Kenniston is selected

One of four candidates for the open seat on the Claremont City Council, Kristin Kenniston answered questions from the council Wednesday night.

CLAREMONT — The city council interviewed four candidates for the vacant seat on the council Wednesday night, and finished by selecting Kristin Kenniston. Kenniston will finish out Jeremy Zullo’s term of office, to the end of the year. Voters will get a chance to select a new councilor in November.

Kenniston is the deputy city clerk for Lebanon. She and the other three candidates (two dropped out prior to the meeting) answered four questions posed by the council, relating to their personal investment in Claremont, what they see as the biggest challenges facing the city, and why they were committed to serve.

Asked what she sees as the biggest challenge facing the city, Kenniston answered: “The elephant in the room is the tax rate.”

However, she said it was too deep and broad an issue to get into for the moment. “We need to work on the trust issue with our citizens,” she said. “We need to be aware we’re in a day and age where a lot of people don’t trust government, whether it’s federal, state or local.”

Kenniston pledged to be transparent and said the council needs to support the letter of the law.

Candidates were also asked what committees they’d want to serve on. Having been on the Historic District Commission for nine years, she said she’d like to continue with that and possibly serve on the Policy Committee when a seat opens on that.

Later in the meeting the question of whether she should continue to serve on the City Manager Search Committee came up.
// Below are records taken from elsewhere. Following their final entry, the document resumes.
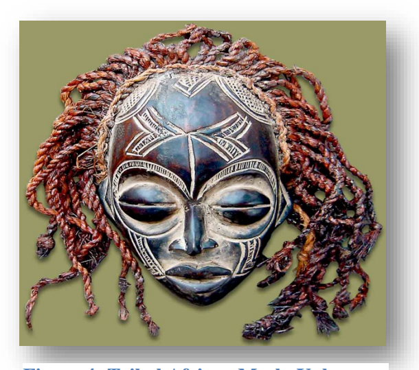
Figure 4: Tribal African Mask. Unknown

Nonetheless, in contemporary art, there is a
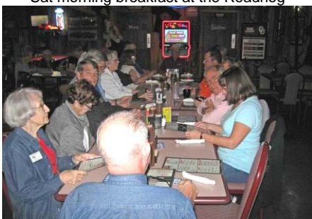
Sat morning breakfast at the Roadhog
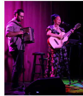
Esperanza Peace & Justice Center
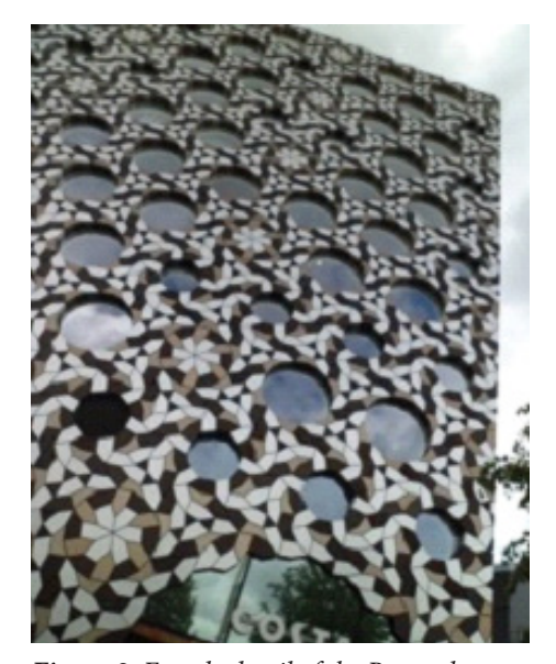
Figure 3. Façade detail of the Ravensbourne College, Foreign Office Architects (FOA), London, UK, 2010.

Ornament in contemporary architecture emerges as an elaborate medium of consumption and production by means of new tools, methods, and techniques. The idea of seamlessness and fluency becomes the current par-
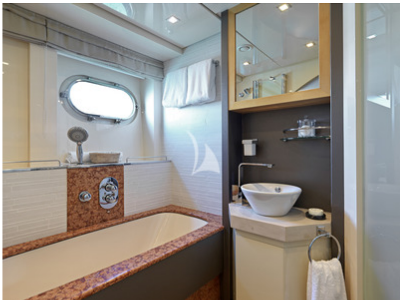
Twin guest cabin ensuite
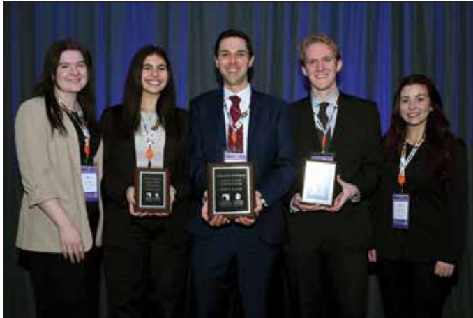
The team from the University of Illinois College of Law clinched First Place at the 34th Annual Conrad B. Duberstein National Bankruptcy Moot Court Competition.
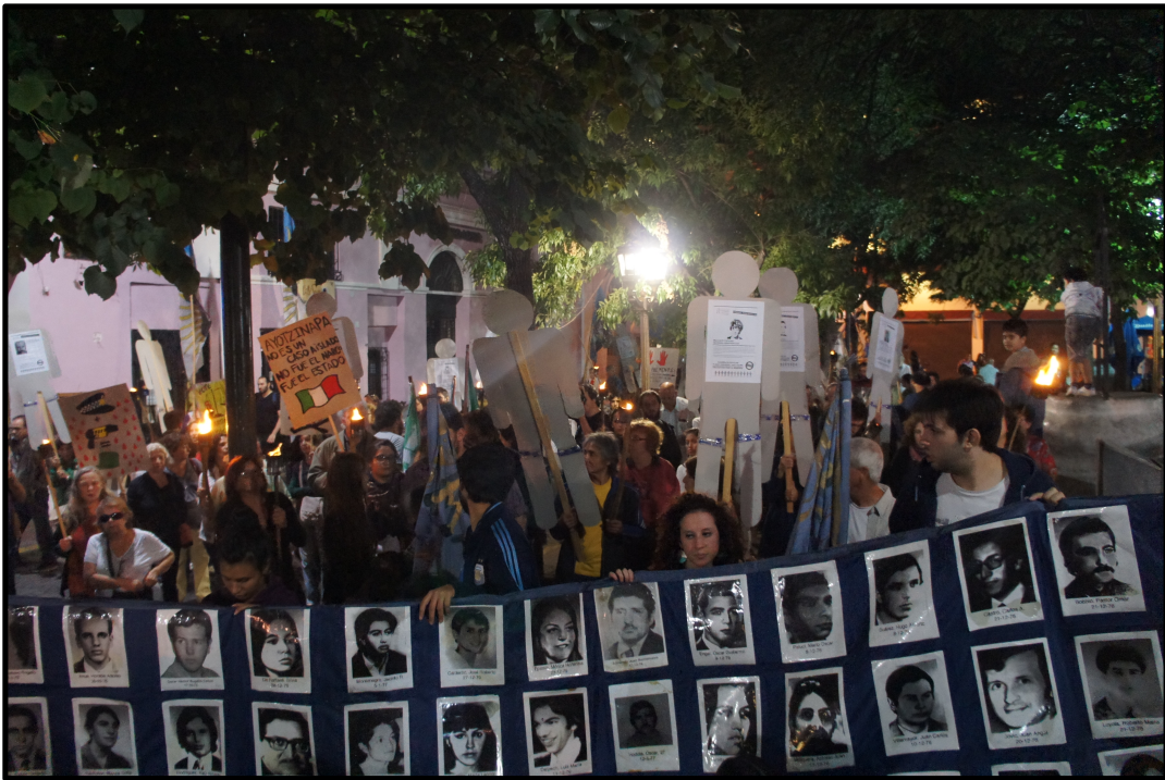
Figure 7: Marcha de Antorchas , Asamblea Plaza Dorrego-San Telmo (by Mónica Fariás)
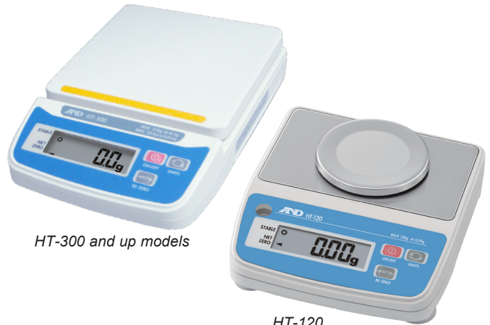
HT-300 and up models
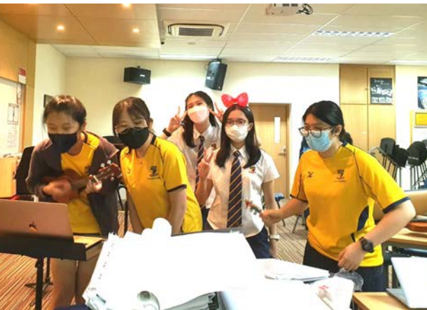
Expressing ourselves confidently and collaborating effectively
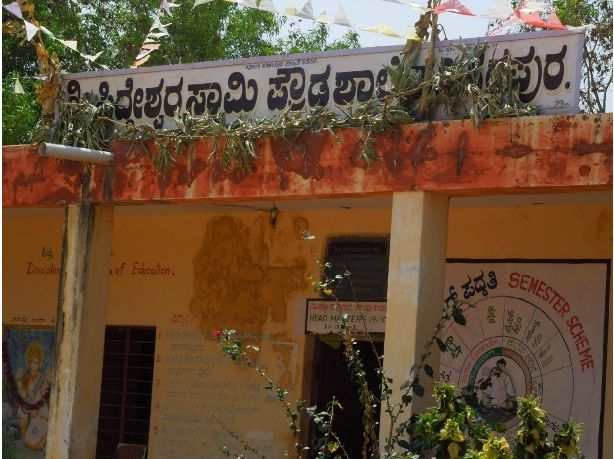
Fig. 2 - Sri Siddeshwara Swamy High School, C.K. Pura
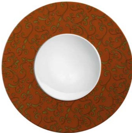
423350 Glimmer Floral Terrakotta

Dekor erhältlich auf / pattern available on: 07 0616 Exquisitfahneteller flach 16 07 0634 Exquisitfahneteller flach 34 70 0032 Teller flach Fahne 32 70 0628 Teller flach breite Fahne 28 70 0728 Teller tief breite Fahne 28
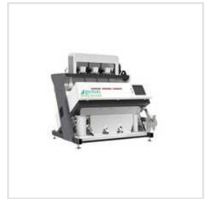
Cereals Color Sorting Machine
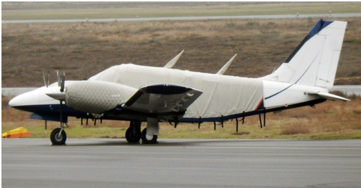
Piper Seneca Insulated Engine Covers

This cover type is made from Silver Acrylic Sunbrella canvas and is 100% lined with a soft and smooth microfiber. Bruce's Custom Covers developed this material combination especially for aircraft protection. The outer material is medium weight and treated for water resistance, UV resistance and anti-static buildup. The inner lining is a very soft and smooth microfiber to prevent scratching. The material is very reflective, and tests show that the cabin interior temperature can be reduced to near-ambient temperature on the hottest of days. It is water, ice and snow repellent, yet breathable to allow moisture to escape from between the cover and the aircraft surface.
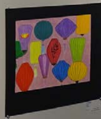
Small text caption below the artwork.
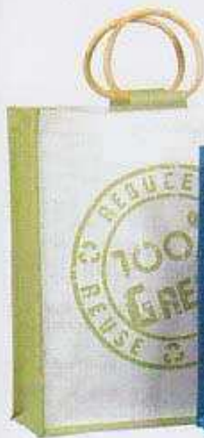
Style# 15001 Size: 17"x15"x6"
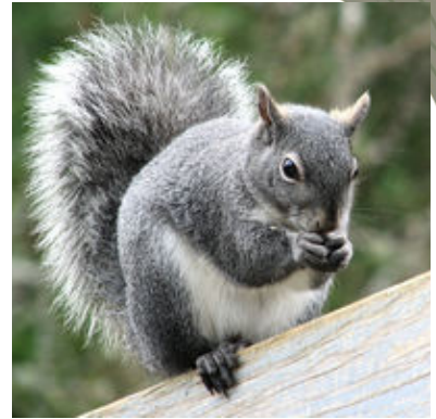
Western Grey Squirrel
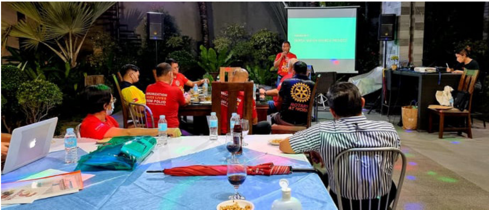
Venue: residence of IPP yelcy and pddg elmer

Kenniston was selected as a citizen member of the board, but having become a city council member, she offered to step down.

“Don’t you dare,” said Assistant Mayor Allen Damren. Other members of the city search committee also felt she should stay, given that they are almost finished with the work. The committee is currently making travel arrangements for the four candidates they’ve selected to present to city council, and expect to be finished within two weeks at most.

Councilor Andrew O’Hearne and Councilor Nick Koloski objected, saying the council should follow its own process.

Interim City Manager John MacLean said, “All the heavy lifting’s been done; I think either way, it’s okay.”

The council voted for Kenniston to continue, with O’Hearne and Koloski voting Nay.

The other three candidates — Jim Contois, Patrick Lozito, and Deb Mattau — were repeatedly thanked for applying and encouraged to run for office in November.

“When I applied for a council seat there were only two people applying,” said Councilor Abigail Kier.

“These are four very good people, and I would like to see them on the ballot,” said Councilor Scott Pope.